A recent study demonstrated that only a small fraction of frames exhibiting the strongest co-fluctuation amplitude could explain the overall pattern of connection and act as the primary driver of resting-state functional connectivity (Zamani Esfahlani et al., 2020). Thus, we examined the top 5% and bottom 5% amplitude co-fluctuation frames of each subject’s time series to explore whether they can effectively discriminate different disorders. We computed the root sum square (RSS) of the top and bottom 5% volumes’ time series. ANCOVA with FD as covariate was executed to identify the difference in top and bottom 5% amplitude co-fluctuation across all the groups with *p* < 0.05. Post-hoc two-sample t-tests were used to determine between-group differences in top and bottom 5% amplitude co-fluctuation with the significant level of *p* < 0.05, FDR corrected.

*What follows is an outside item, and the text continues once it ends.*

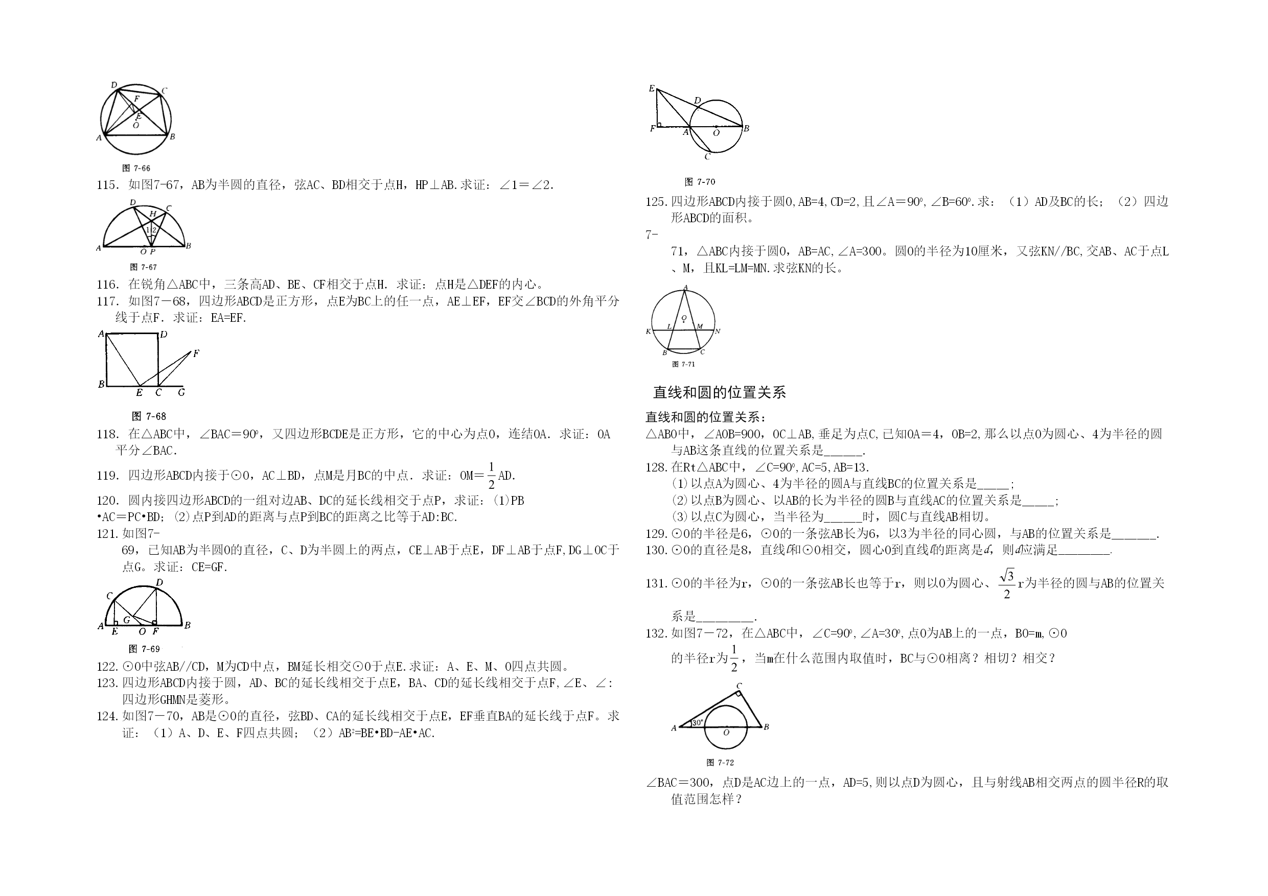 圆的基本性质点与圆的位置关系决定圆的大小的是圆_____;决定圆位置的是_____.在Rt△ABC中∠C=90O,AC=4,OC=3,E、F分别为AO、AC的中点,以O为圆心、OC为半径作圆,点E在⊙O的圆_____,点F在⊙O的圆_____.如图;AB、CD是⊙O的两条直径,AE∥CD,BE与CD相交于P点,则OP∶AE=____.经过A、B两点的圆的圆心在________,这样的圆有______个.⊥AB,则CD=_______.一已知点到圆周上的点的最大距离为m,最小距离为n.则此圆的半径_____.有个长、宽分别为4和3的矩形ABCD,现以点A为圆心,若B、C、D至少有一个点在圆内,且至少有一个点在圆外,则⊙A半径r的范围是_________.⊙O的半径为15厘米,点O到直线l的距离OH=9厘米,P,Q,R为l上的三个点,PH=9厘米,QH=12厘米,RH=15厘米,则P,Q,R与⊙O的位置关系分别为.若点A(a,-27)在以点B(-35,-27)为圆心,37为半径的圆上,a=.在矩形ABCD中,AB=8,AD=6,以点A为圆心作圆,若B,C,D三点中至少有一点在圆内,且至少有一点在圆外,则⊙A的半径R的取值范围是在直角坐标系中,⊙O的半径为5厘米,圆心O的坐标为(-1,-4),点P(3,-1)与圆O的位置关系是.如图⊙O是是等腰三角形ABC的外接圆,AB=AC,D是弧AC的中点,已知∠EAD=114O,求∠CAD在度数。已知⊙O的直径为16厘米,点E是⊙O内任意一点,(1)作出过点E的最短的弦;(2)若OE=4厘米,则最短弦在长度是多少?如图7-4,已知在△ABC中,∠CAB=900,AB=3厘米,AC=4厘米,以点A为圆心、AC长为半径画弧交CB的延长线于点D.求CD的长。试问:任意四边形的四个内角的平分线相交的四个点在同一个圆上吗?又问:任意四边形各外角在平分线所相交在四边形在同一圆上吗?为什么?如图7-6,AB是⊙O的直径,弦CD⊥AB于点P,(1)已知CD=8厘米,AP:PB=1:4,求⊙O的半径;(2)如果弦AE交CD于点F。求证:AC2=AF•AE.已知四边形ABCD是菱形,设点E、F、G、H是各边的中点,试判断点E、F、G、H是否在同一个圆上,为什么?又自AC、BD的交点O向菱形各边作垂线,垂足分别为M、N、P、Q点,问:这四点在同一个圆上吗?为什么?⊙O中有n条等弦A1B1、A2B2、•••AnBn,它们的中点分别是P1、P2、•••Pn,试问:P1、P2、•••Pn这n个点在同一个圆上吗?请证明你的判断。又若⊙O上有一点A,自点A引n条弦A1B1、A2B2、•••AnBn,,若它们的中点分别为Q1、Q2、•••Qn,试问:Q1、Q2、•••Qn,这n个点在同一圆上吗?请证明你的判断。垂径定理19.⊙o中等于1200劣弧所对的弦是12厘米,则⊙O的半径是厘米.⊙o上一点A,作弦AB、AC、分别等于该圆的半径R,连结BC,则点O到BC的距离=_______,BC=_______。21.如图7-7,在⊙O中,弦AB=2a,点C是弧的中点,CD⊥AB,CD=b,则⊙O的半径R=______.22.如图7-8,ABCD是⊙O1的内接矩形,边AB平行y轴,且AB∶BC=3∶4,已知⊙O1的半径为5,圆心O1的坐标是(10,10),矩形四个顶点A、B、C、D的坐标是A______;B______;C______;D_______.23.在⊙O中,弦AB=40厘米,CD=48厘米,且AB∥CD,AB与CD距离是22厘米,则圆的半径为________厘米24.四边形ABCD是⊙O的内接梯形,AB∥BC,对角线AC、BD相交于点E.求证:OE平分∠BEC.25.如图7-9,在⊙O中,已待AC=BD.求证:(1)OC=OD;(2)26.⊙O1与⊙O2相交于点A、B,过点B作CD∥O1O2:CD=2O1O227.如图7-10,⊙O1、⊙O2是两个等圆,点P是O1O2的中点,过点P的直线交⊙O1、⊙O2于点A、B、C、D。求证:AB=CD.28.如图7-11,⊙O的半径为5,P是圆外一点,PO=8,∠OPA=30O,求AB、PB的长。29.如图7-12,圆管内,原有积水平面宽CD=10厘米,水深GF=1厘米,后水面上升1厘米(即EG=1厘米),问:些时水面宽AB为多少?30.在⊙O的弦AB上取AC=BD,过点C、D分别作AB的垂线CE、DF交圆于点E、F,并使E、F在AB的同旁。求证:CE=DF.31.如图7-13,在⊙O的直径MN上任取一点P,过点P作弦AC、BD,使∠APN=∠BPN.求证:PA=PB.32.AB、CD是⊙O
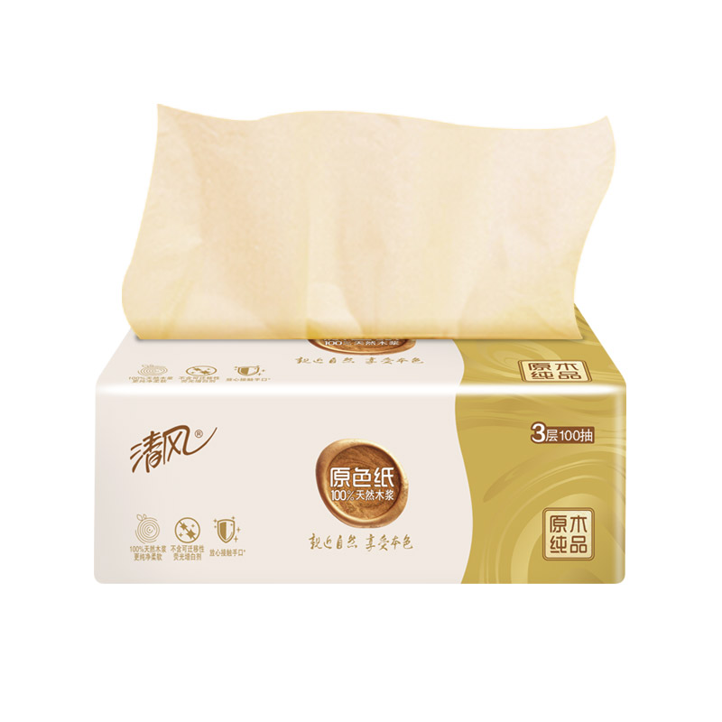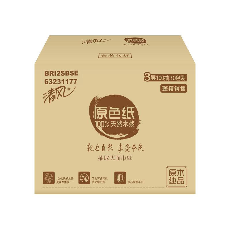 Breeze primary color wood color extractable toilet paper 3 layers 100 pumping 30 packs of infants and young children can use facial tissue skin-friendly family pack T

## The transition analysis of high-normal-low amplitude frames

To determine whether different groups have different numbers of transitions among high, normal, and low amplitude frames, we divided the whole time series of the 136 edges into three levels of frames according to the magnitude of amplitude: bottom 5% frames (the lowest 5% amplitude frames), normal frames (amplitude from 5–95%), and top 5% frames (the highest 95% amplitude frames). We calculated the number of transitions of the whole time series from bottom to bottom stage, bottom to normal stage, bottom to top stage, normal to bottom stage, normal to normal stage, normal to top stage, top to bottom stage, top to normal stage, and top to top stage. ANCOVA with FD as covariate was performed to identify the difference in the number of transitions across all the groups with *p* < 0.05. Post-hoc two-sample t-tests were used to determine between-group differences in the number of transitions with the significant level of *p* < 0.05, FDR corrected.

## Correlation analyses

To identify the associations between changed neuroimaging measurements and clinical performances, correlation analyses using Pearson’s correlation coefficients were performed. The significance level was set at *p* < 0.05 corrected with the FDR method.